Dollar-borrowing costs for Indian corporates have fallen to a six-month low, with average yields on Indian dollar-denominated bonds sliding to 4.5 per cent on January 30, according to Bank of America-Merrill Lynch indices.

In contrast, dollar-borrowing costs in China and Brazil are elevated at 5.9 per cent and 5.6 per cent, respectively. The development is likely to give a push to overseas fund-raising by Indian firms amid a rise in the cost of borrowing locally. Top-rated five-year corporate bond yields in India average 9.72 per cent at present, compared to 9.63 per cent at the end of 2013.

In addition, the depreciation is likely to reduce the debt burden of Indian businesses that were struggling to cope with sharp rupee depreciation that made their foreign borrowings too costly to service and raised the spectre of widespread defaults. According to Moody’s Investor Service, 14 of the non-financial companies that it rates in India had combined debt of $32 billion in the fiscal ending March 2014, out of which 50 per cent was denominated in foreign currency.

There is also a strong possibility of companies refinancing old loans in the hope of securing better rates in international markets.
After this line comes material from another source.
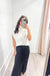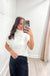 Viscose blend knitted vest with turtleneck. Ribbed knit

The biggest beneficiary of cheaper dollar loans will be state-owned oil marketing companies, which are the worst-affected by rupee depreciation. This is because even though their revenues are linked to the US dollar, their EBITDA margins are thin at between 3 per cent and 5 per cent. They are also highly leveraged.

As a consequence of the improved scenario, the cost to insure debt against non-payment has also been dropping.

The situation could witness a sea change as the US bond purchase tapering plan continues. If the stimulus is further wound back from $65 billion a month as 2014 progresses, borrowing costs for companies in emerging markets such as India are likely to rise.